I had suspected that the locking subsys was causing the slowdowns, so
that's why I did a test with the localflocks -- it's not as fast as
ext3, but works fine with only one server involved.  Of course, that's
not going to work for this application.  :)

--Peter

-----Original Message-----
From: David Teigland [mailto:teigland@xxxxxxxxxx] 
Sent: Wednesday, April 06, 2005 7:31 PM
To: Peter Shearer
Cc: linux-cluster@xxxxxxxxxx
Subject: Re: [Linux-cluster] LOCK_DLM Performance under Fire

On Wed, Apr 06, 2005 at 12:01:02PM -0700, Peter Shearer wrote:

> The app itself is a really old COBOL app built on Liant's RM/Cobol --
an
> abstraction software similar to java which allows the same object code
> to run on Linux, UNIX, and Windows with very little modification
through
> a runtime application.  So, while I have access to the source for the
> compiled object, I don't have access to the runtime app code, which is
> really the thing doing all the locking.
> 
> This specific testing app is opening one file with locks, but it's
> beating that file up.  Essentially, it's going through the file and
> performing a series of sorts and searches, which, for the most part,
> would beat up the proc more than the I/O.  The "real" application for
> the most part will not be nearly as intense, but will open probably
> around 100 shared files simultaneously with posix locking.  Would
> adjusting the SHRINK_CACHE_COUNT and SHRINK_CACHE_MAX in lock_dlm.h
> affect this type of application?  Any other tunable parameters which
> will help out?  I'm not tied to DLM at this point...is there another
> mechanism which would do this equally well?

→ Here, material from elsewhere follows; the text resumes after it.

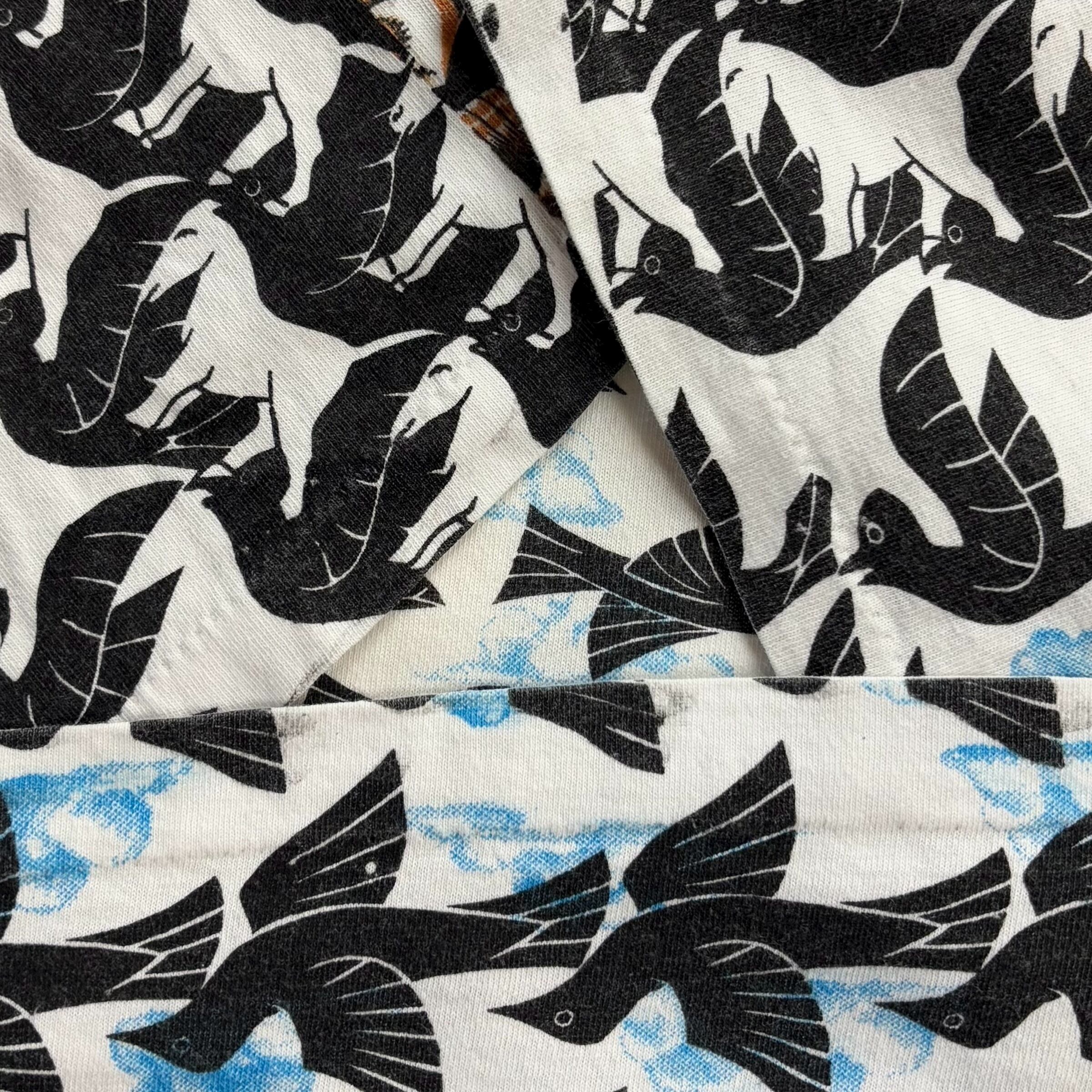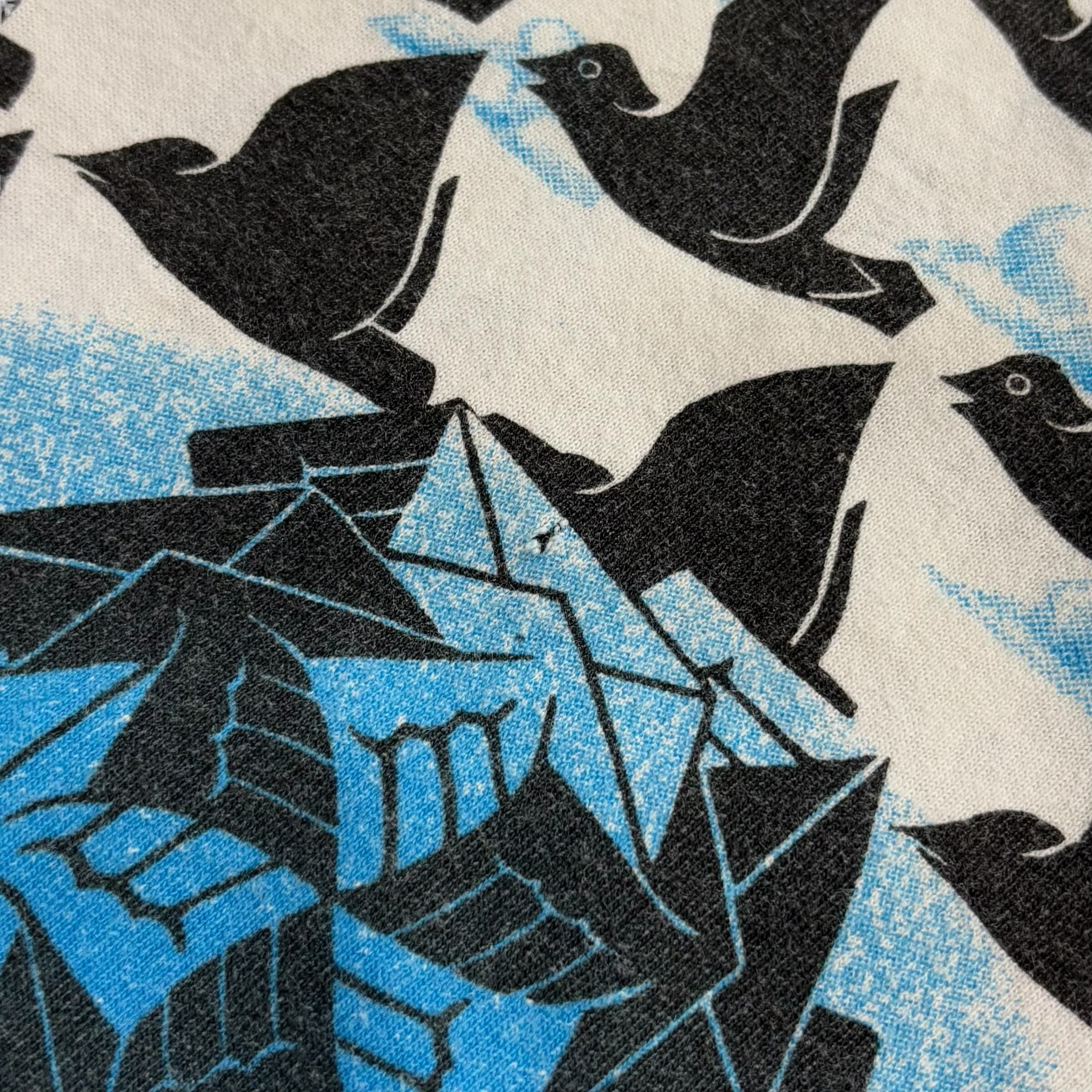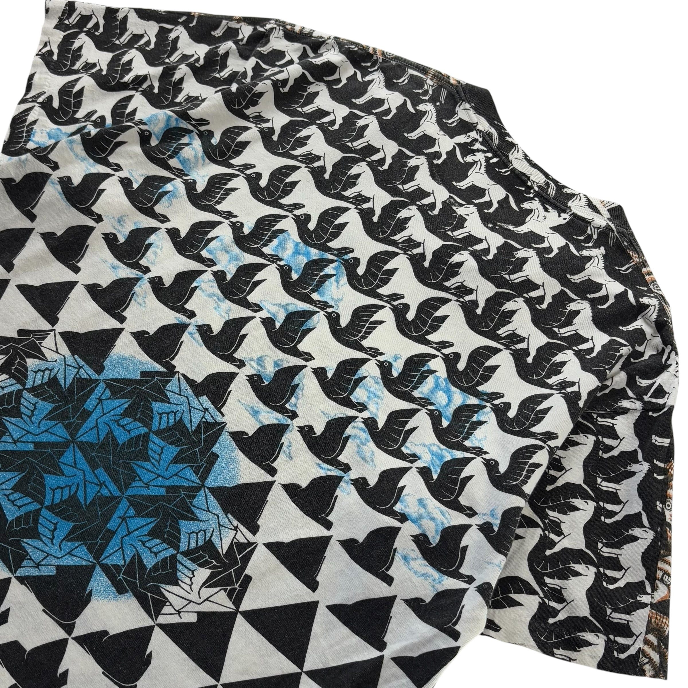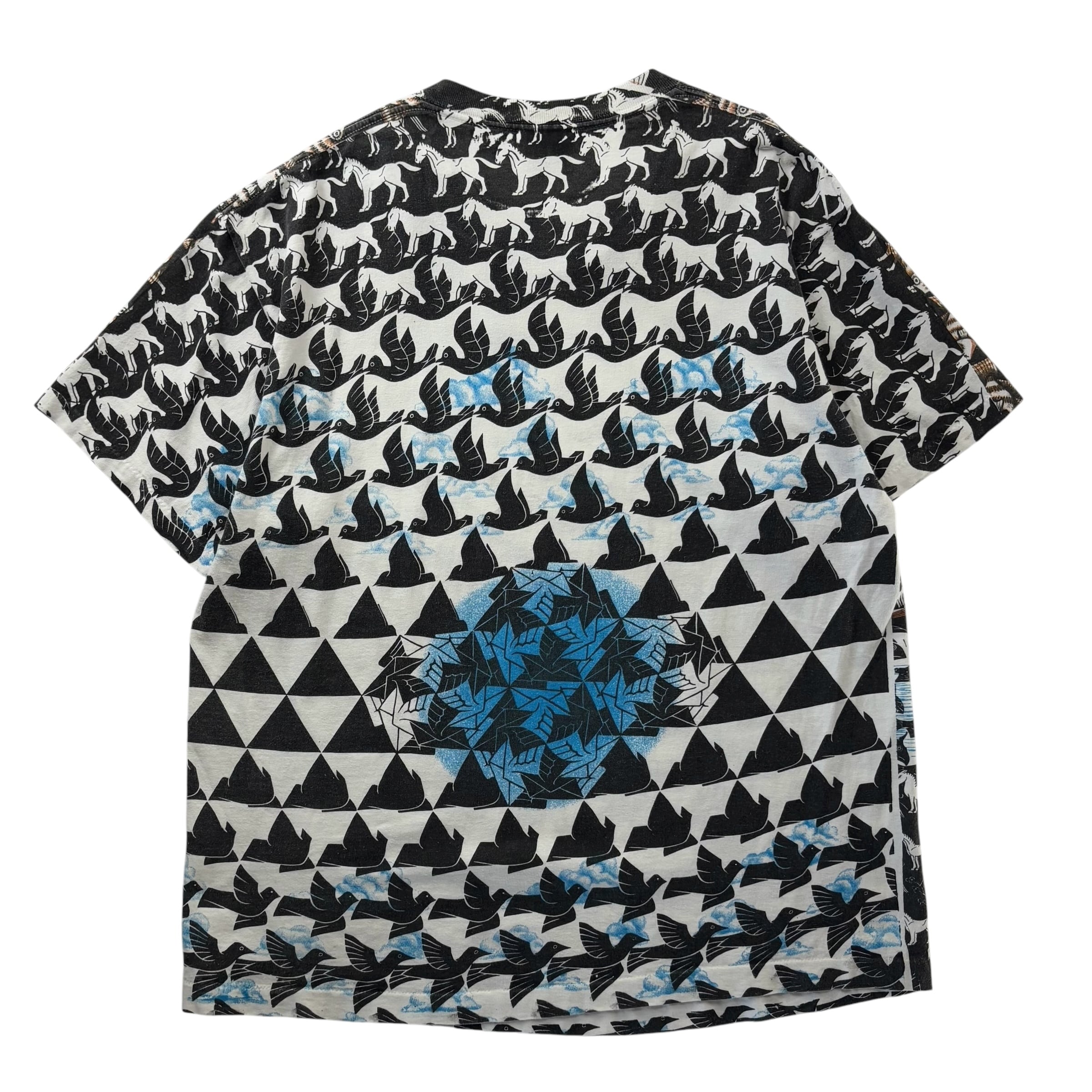 1990's "M.C.ESCHER" S/S AOP Art Printed T-shirt Made In USA XL (ANDAZIA) / 90年代 MCエッシャー アートプリントTシャツ USA製 紙タグ アンダジア 総柄 90s ヴィンテージ ビンテージ シングルステッチ 騙し絵

Taking a step back, is this a parallelized/clusterized application?
i.e. will it be running concurrently on different machines with the
data shared using GFS?  If so, then the distributed fcntl locks are
critical.  If not, it would be safe to use the localflocks mount option
which means fcntl locks are no longer translated to distributed locks.

-- 
Dave Teigland  <teigland@xxxxxxxxxx>